The Kings Head public house in Mount Street. If there is one thing Battle is not short of is public houses. This photograph of the Kings Head has been included not only to show a traditional English pub, but more to point out the sign hanging from it. It depicts what Harold by various accounts was supposed to look like. He was thought to have had blond or fair hair and almost certainly would have sported a moustache, as it was in fashion at the time. Another interesting observation that readers from countries without buildings as old as ours would make is that anybody taller than about 5 feet 8 inches would have to duck to enter most of them. This indicates how the average height of western people has increased over the centuries.

 

St Marys Church
 
A view in the opposite direction to the first photograph. St Mary's church is on the right and the abbey perimeter wall on the left.

 

St Marys Church
 
St Mary's Church. Note how the style and architecture is in keeping with the abbey.

 

St Marys Church
 
Within the grounds of St Mary's church is this sign depicting the events of 1066 and St Valery sur Somme.
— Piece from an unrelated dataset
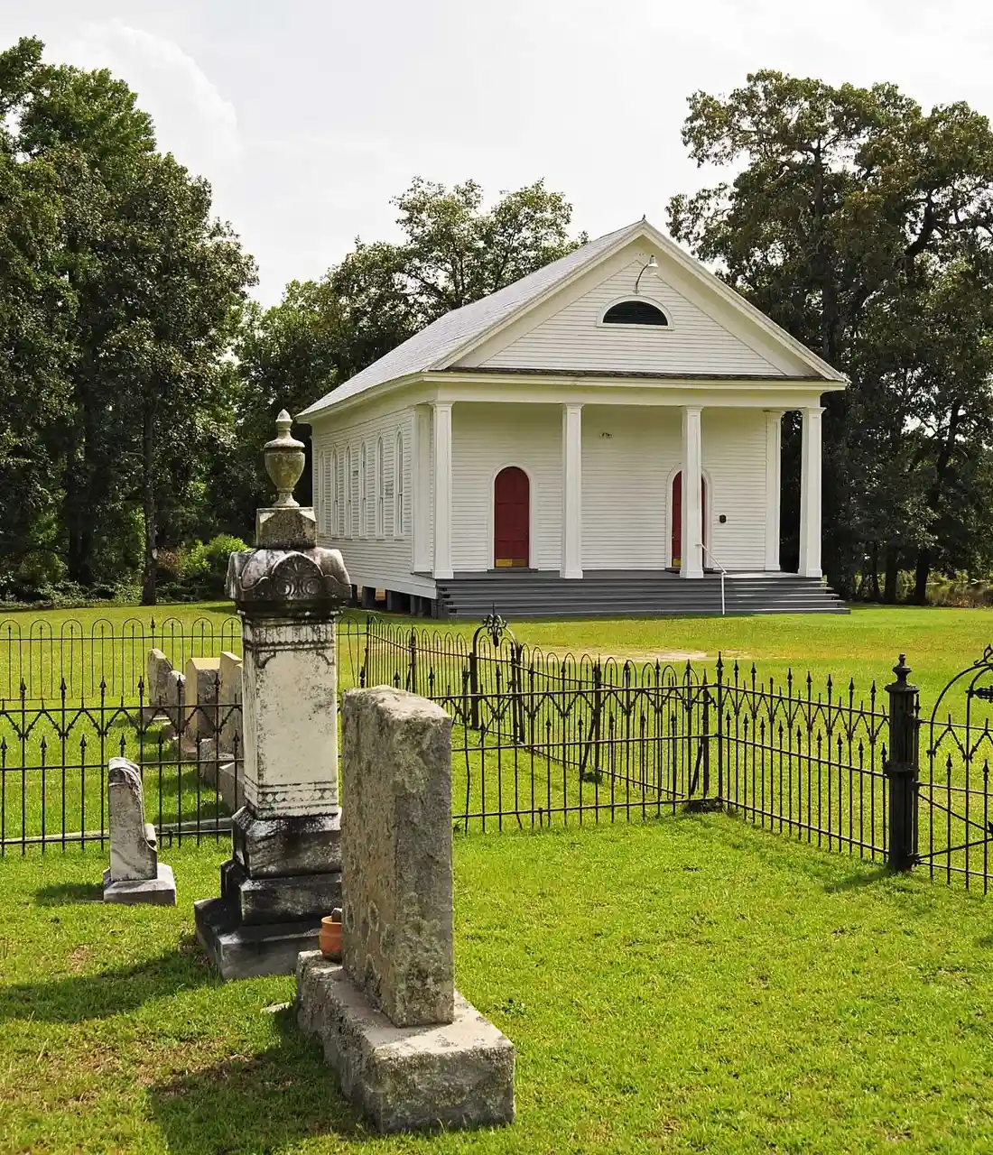 Spann Methodist Church and Cemetery is a historic Methodist church and cemetery located at 150 Church Street in Ward, Saluda County, South Carolina. The church was established and built in 1873. Unchanged since building, it is a one-story, frame meeting house form church with Greek Revival style elements. The front facade features an engaged tetrastyle portico with a pedimented gable roof. The cemetery was established about 1842, and includes a significant collection of funerary art dating to the late-19th and early-20th centuries. Read more on Wikipedia

As you are probably aware by now, William's fleet departed this place to begin his voyage and eventual successful invasion of England. Secondly, we have a quaint modern tradition of twinning. Battle, not surprisingly is twinned with St Valery sur Somme. The purpose of twinning is usually to facilitate cultural exchange. The process of twinning is endemic in England and almost every village or town you pass through is twinned with one or more like places in Europe.

 

Tea
 
The Pilgrim's Rest. I suppose if you ask anybody from abroad what their idea of a traditional Englishman is, the words tea and roast beef would surely be voiced somewhere in the conversation. This cafe to the left of the abbey main entrance can supply both. In England everything stops for tea. Even the Battle of Hastings stopped for refreshments half way through. So civilized, don't you think ?

 

Mount Street
 
This photograph taken further along Mount Street shows the diversity of architecture in style and age. The house in the distance indicates it was constructed many hundreds of years ago.